DIRECTIONS:
Apart from the pictures, every entry below should be repeated exactly.

PROVIDED DATA Start Marker

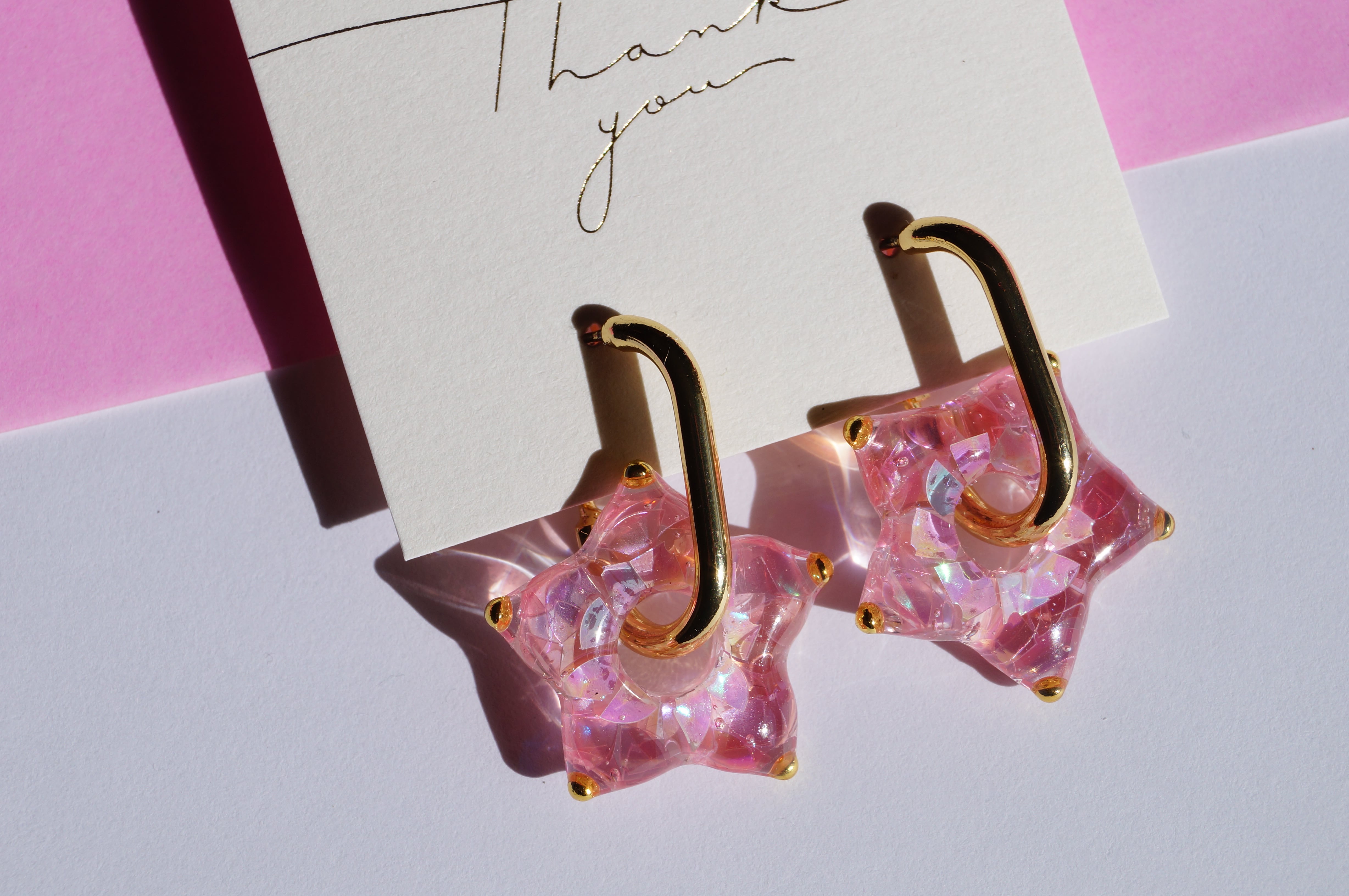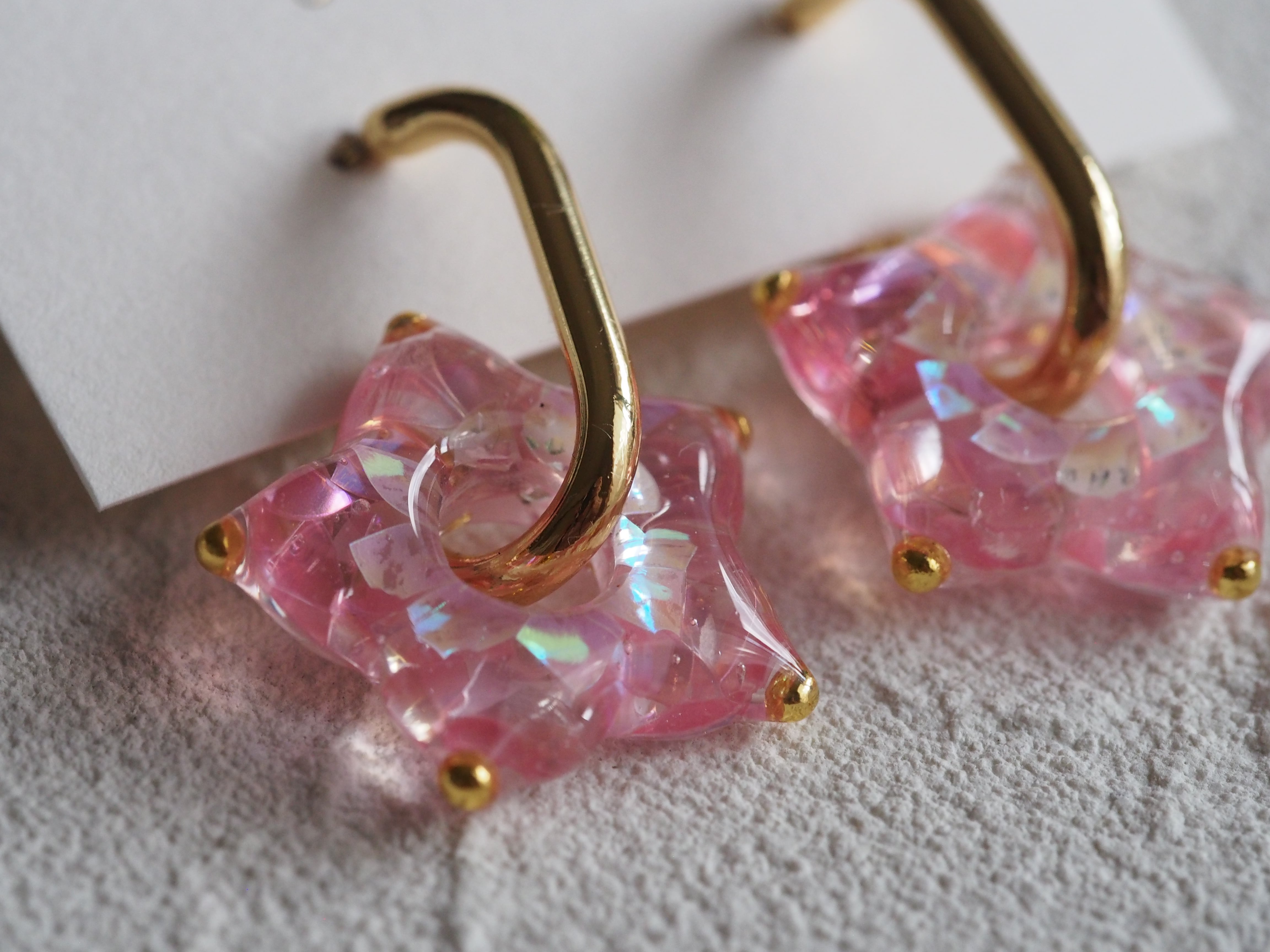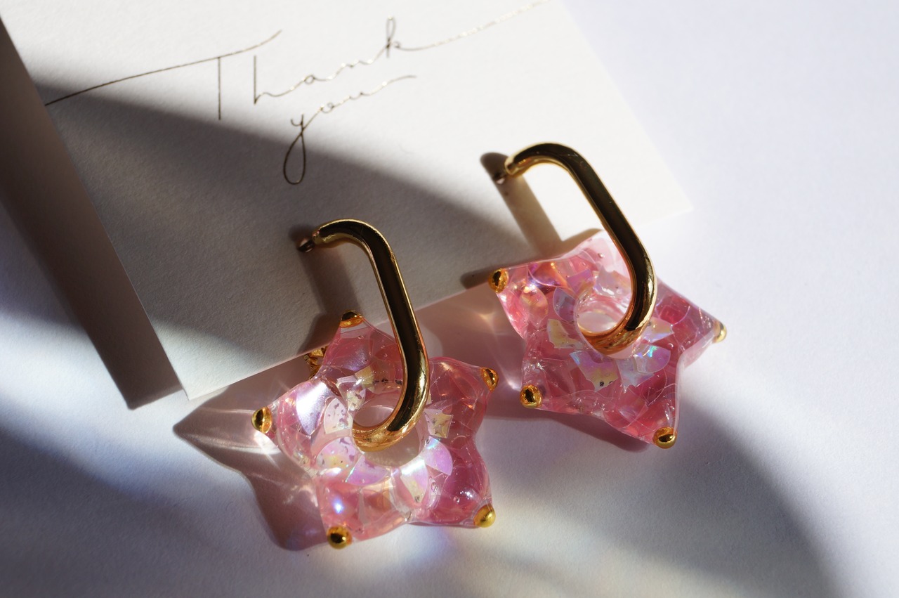 桜色の光の欠片をぎゅっと閉じ込めた期間限定の桜カラースターピアス・イヤリングです。
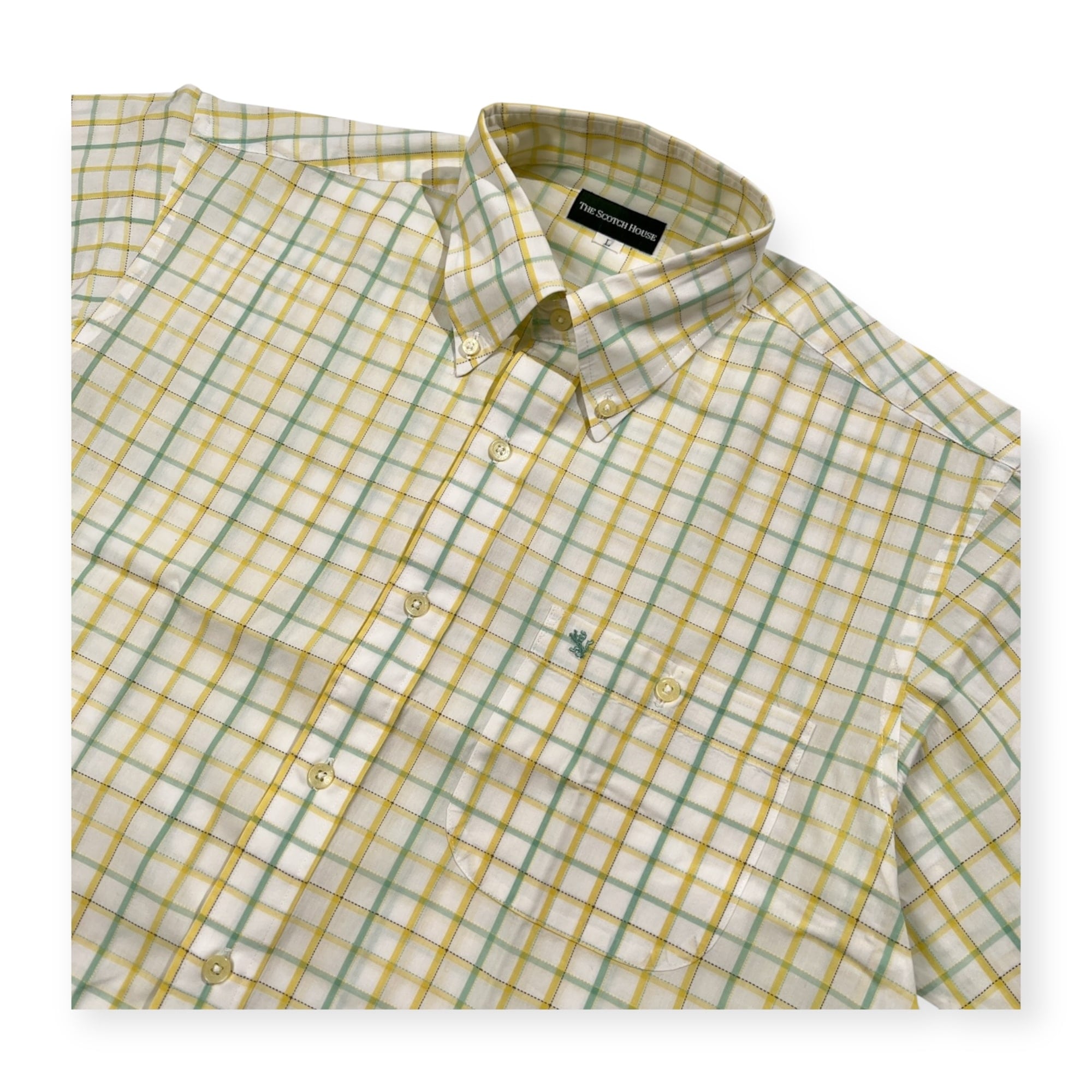 美品 THE SCOTCH HOUSE スコッチハウス チェック柄 BD 半袖シャツ サイズ L /イエロー×グリーン/三陽商会/メンズ
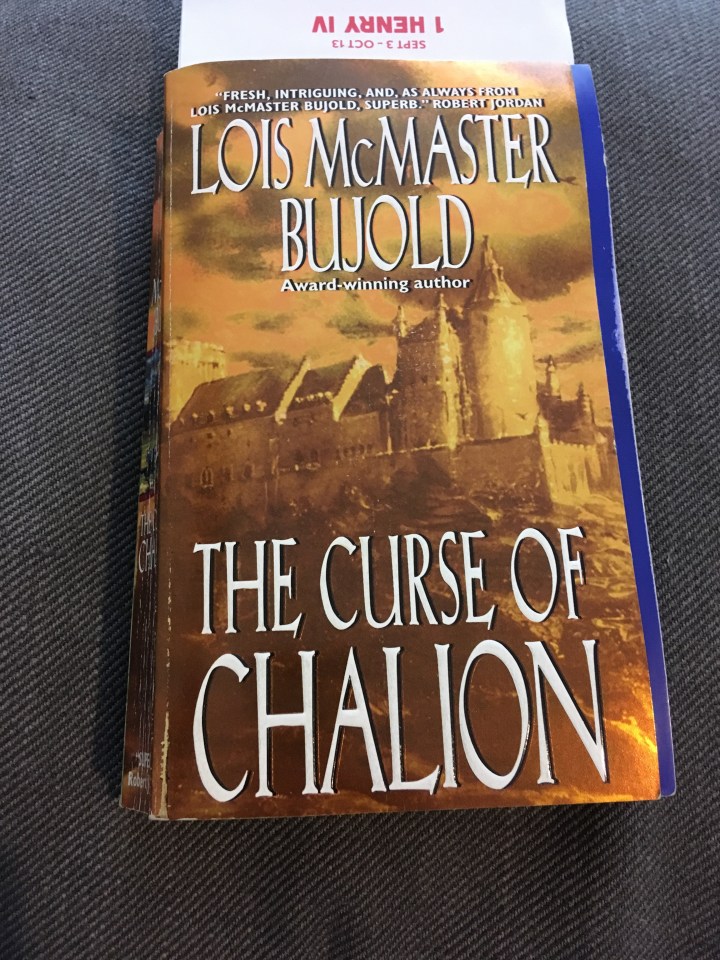 I can’t remember where this was recommended to me as an excellent fantasy novel by a female writer whose work is in danger of being overlooked these days, but it made enough of an impression that I bought this when I saw it at library book sale near my house. Unfortunately, Ms. Bujold will boy get royalties on the dollar I gave the Southeast library. Fortunately, I did get a good book. I devoured it as quickly as I could over the first few days that I had it.
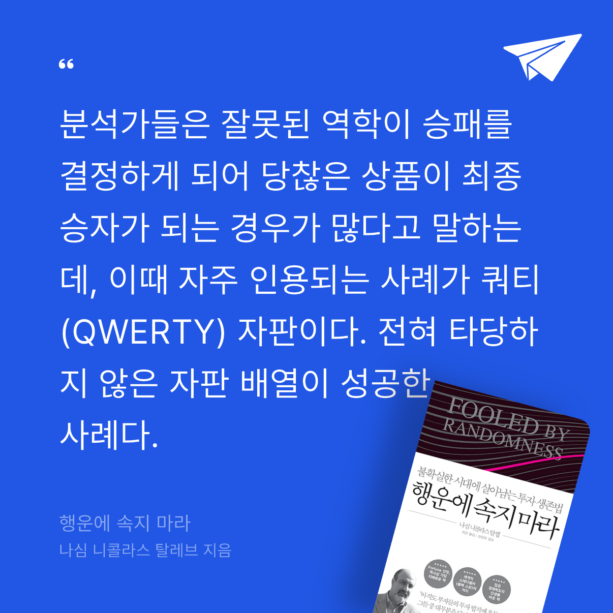 요약『행운에 속지 마라』는 나심 니콜라스 탈레브가 2001년 초판(국내 2016년, ISBN: 9788927808121)으로 출간한 투자와 인생 철학서로, 그의 ‘인세르토’ 시리즈(『블랙 스완』, 『안티프래질』)의 첫 작품이다. 📚 레바논 내전 속에서 자란 옵션 트레이더 출신 탈레브는 금융시장과 삶에서 행운과 무작위성이 미치는 영향을 탐구한다. 🧠 그는 성공과 실패가 기술이나 노력만으로 결정되지 않고, 우연과 행운에 크게 좌우된다고 주장한다. 이 책은 ‘행운의 바보’(실제 능력 없이 운으로 성공
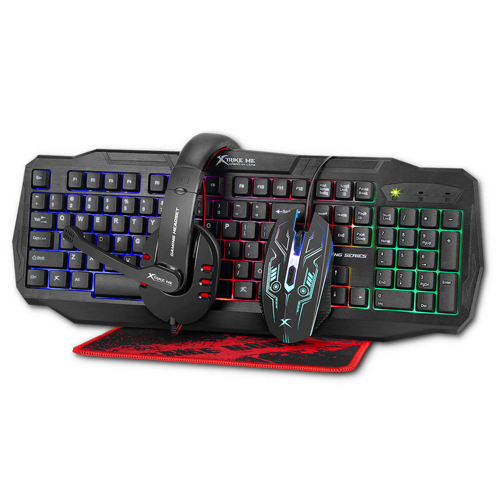 4-in-1 gaming set featuring USB keybaord, mouse, headset and mouse mat. Take your gaming setup to the next level
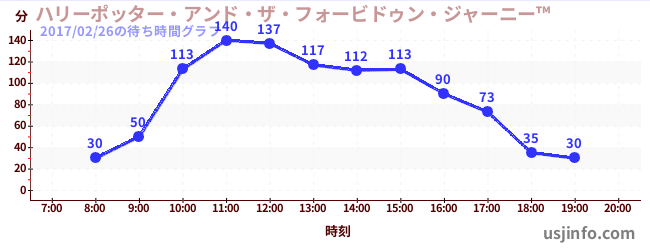 • ハリーポッター・アンド・ザ・フォービドゥン・ジャーニー™$B$N(B2017年02月26日の待ち時間
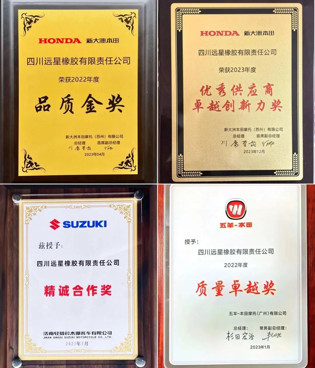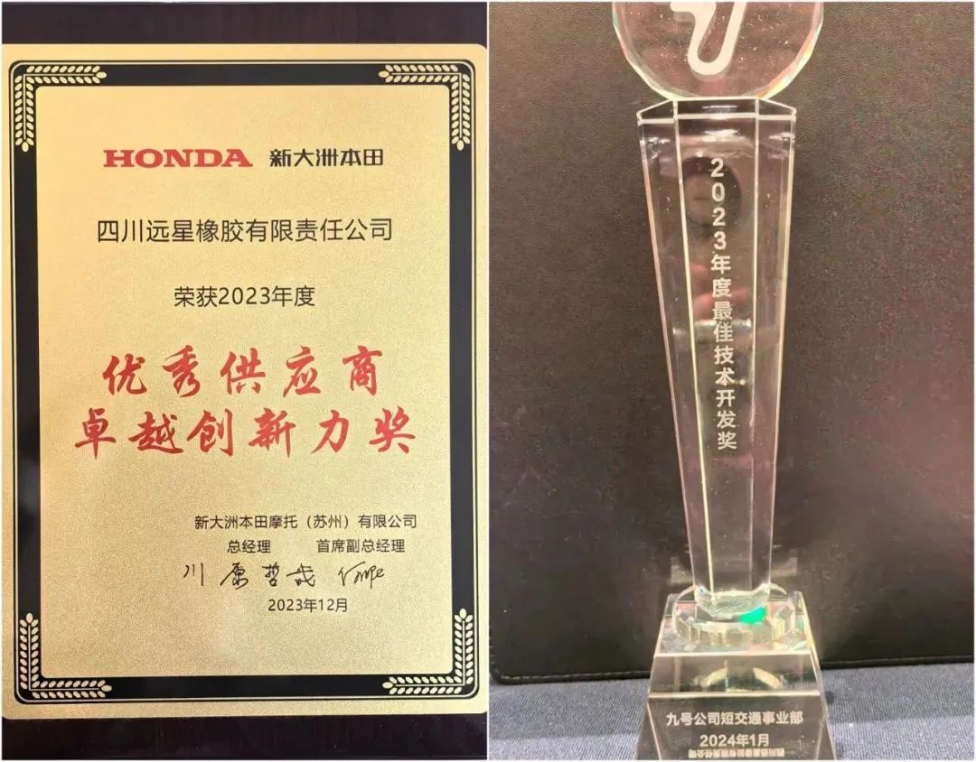 从顶级车企新大洲本田授予的2023优秀供应商“卓越创新力”奖,到本土巨头隆鑫授予的2023“优秀供应商”奖,再到此次九号公司授予的“最佳技术开发奖”。无论是摩托车企业还是电动车企业,都对远星的产品给予了高度肯定。
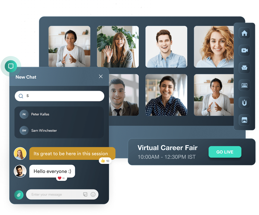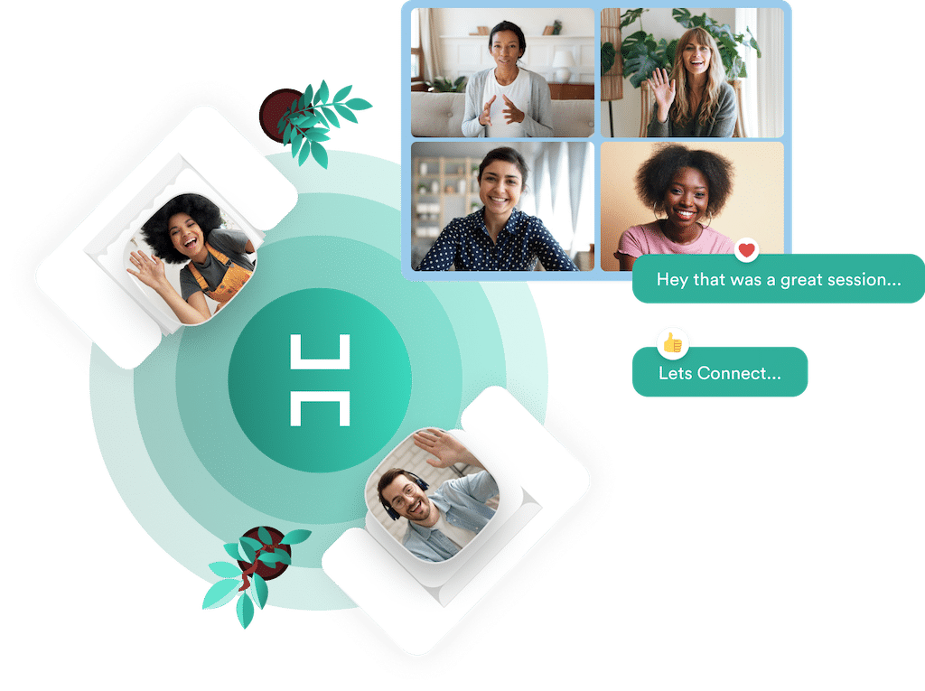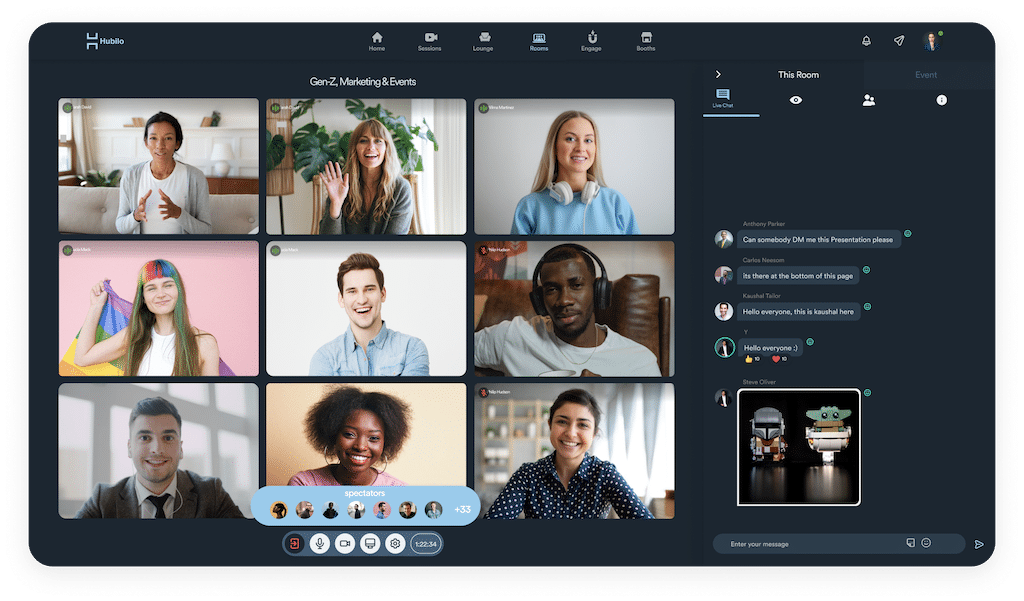 Die Plattform von Hubilo bietet zahlreiche Optionen fürs Networking. Intelligentes Matchmaking bringt die passenden Gesprächspartner:innen in Text- und Video-Chats zusammen. Terminiert, spontan, 1:1 oder in kleinen Gruppen. Wer will, macht die Teilnehmendenliste des Events oder der Sessions für alle sicht- und filterbar.
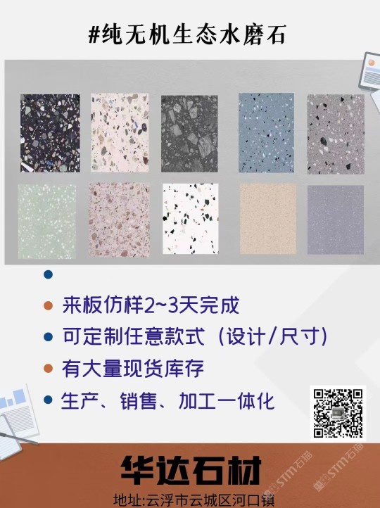 云浮市華達聚賢新型石材有限公司是一家以研發(fā)制造、加工、銷售新型人造石、天然石及其制品的企業(yè)。公司位于云浮市云安區(qū)石城鎮(zhèn)上洞村,占地面積30000平方米,年可生產(chǎn)人造無機石板材、自流平仿石材產(chǎn)品120萬平方。公司擁有原材料生產(chǎn)配套基地,保證日常生產(chǎn)所需的石料、石粉,有成品加工生產(chǎn)車間,有直營門店銷售,能為客戶提供從原材料選料、打樣定制、生產(chǎn)加工、工程配套等服務。華達聚賢新型石材無機水磨石、仿石材產(chǎn)品,屬于循環(huán)利用環(huán)保產(chǎn)品,所有原材料都是無機類選材,產(chǎn)品美觀實用,耐污耐磨,防火性能好,無異味,色彩斑斕,搭配元素多樣,深受國內(nèi)外設(shè)計師喜愛,適用于家具、商場、學校、酒店、地鐵站、政府機關(guān)、企業(yè)機構(gòu)等大型公共設(shè)施室內(nèi)外鑲貼,屬新型環(huán)保建材。公司通過GB/T19001-2016idtISO9001:2015質(zhì)量管理體系認證和GB/T24001-2016idtISO14001:2015環(huán)境管理體系認證。

PROVIDED DATA End Marker

SOLUTION BELOW:
 桜色の光の欠片をぎゅっと閉じ込めた期間限定の桜カラースターピアス・イヤリングです。
 美品 THE SCOTCH HOUSE スコッチハウス チェック柄 BD 半袖シャツ サイズ L /イエロー×グリーン/三陽商会/メンズ
 I can’t remember where this was recommended to me as an excellent fantasy novel by a female writer whose work is in danger of being overlooked these days, but it made enough of an impression that I bought this when I saw it at library book sale near my house. Unfortunately, Ms. Bujold will boy get royalties on the dollar I gave the Southeast library. Fortunately, I did get a good book. I devoured it as quickly as I could over the first few days that I had it.
 요약『행운에 속지 마라』는 나심 니콜라스 탈레브가 2001년 초판(국내 2016년, ISBN: 9788927808121)으로 출간한 투자와 인생 철학서로, 그의 ‘인세르토’ 시리즈(『블랙 스완』, 『안티프래질』)의 첫 작품이다. 📚 레바논 내전 속에서 자란 옵션 트레이더 출신 탈레브는 금융시장과 삶에서 행운과 무작위성이 미치는 영향을 탐구한다. 🧠 그는 성공과 실패가 기술이나 노력만으로 결정되지 않고, 우연과 행운에 크게 좌우된다고 주장한다. 이 책은 ‘행운의 바보’(실제 능력 없이 운으로 성공
 4-in-1 gaming set featuring USB keybaord, mouse, headset and mouse mat. Take your gaming setup to the next level
 • ハリーポッター・アンド・ザ・フォービドゥン・ジャーニー™$B$N(B2017年02月26日の待ち時間
 从顶级车企新大洲本田授予的2023优秀供应商“卓越创新力”奖,到本土巨头隆鑫授予的2023“优秀供应商”奖,再到此次九号公司授予的“最佳技术开发奖”。无论是摩托车企业还是电动车企业,都对远星的产品给予了高度肯定。
 Die Plattform von Hubilo bietet zahlreiche Optionen fürs Networking. Intelligentes Matchmaking bringt die passenden Gesprächspartner:innen in Text- und Video-Chats zusammen. Terminiert, spontan, 1:1 oder in kleinen Gruppen. Wer will, macht die Teilnehmendenliste des Events oder der Sessions für alle sicht- und filterbar.
 云浮市華達聚賢新型石材有限公司是一家以研發(fā)制造、加工、銷售新型人造石、天然石及其制品的企業(yè)。公司位于云浮市云安區(qū)石城鎮(zhèn)上洞村,占地面積30000平方米,年可生產(chǎn)人造無機石板材、自流平仿石材產(chǎn)品120萬平方。公司擁有原材料生產(chǎn)配套基地,保證日常生產(chǎn)所需的石料、石粉,有成品加工生產(chǎn)車間,有直營門店銷售,能為客戶提供從原材料選料、打樣定制、生產(chǎn)加工、工程配套等服務。華達聚賢新型石材無機水磨石、仿石材產(chǎn)品,屬于循環(huán)利用環(huán)保產(chǎn)品,所有原材料都是無機類選材,產(chǎn)品美觀實用,耐污耐磨,防火性能好,無異味,色彩斑斕,搭配元素多樣,深受國內(nèi)外設(shè)計師喜愛,適用于家具、商場、學校、酒店、地鐵站、政府機關(guān)、企業(yè)機構(gòu)等大型公共設(shè)施室內(nèi)外鑲貼,屬新型環(huán)保建材。公司通過GB/T19001-2016idtISO9001:2015質(zhì)量管理體系認證和GB/T24001-2016idtISO14001:2015環(huán)境管理體系認證。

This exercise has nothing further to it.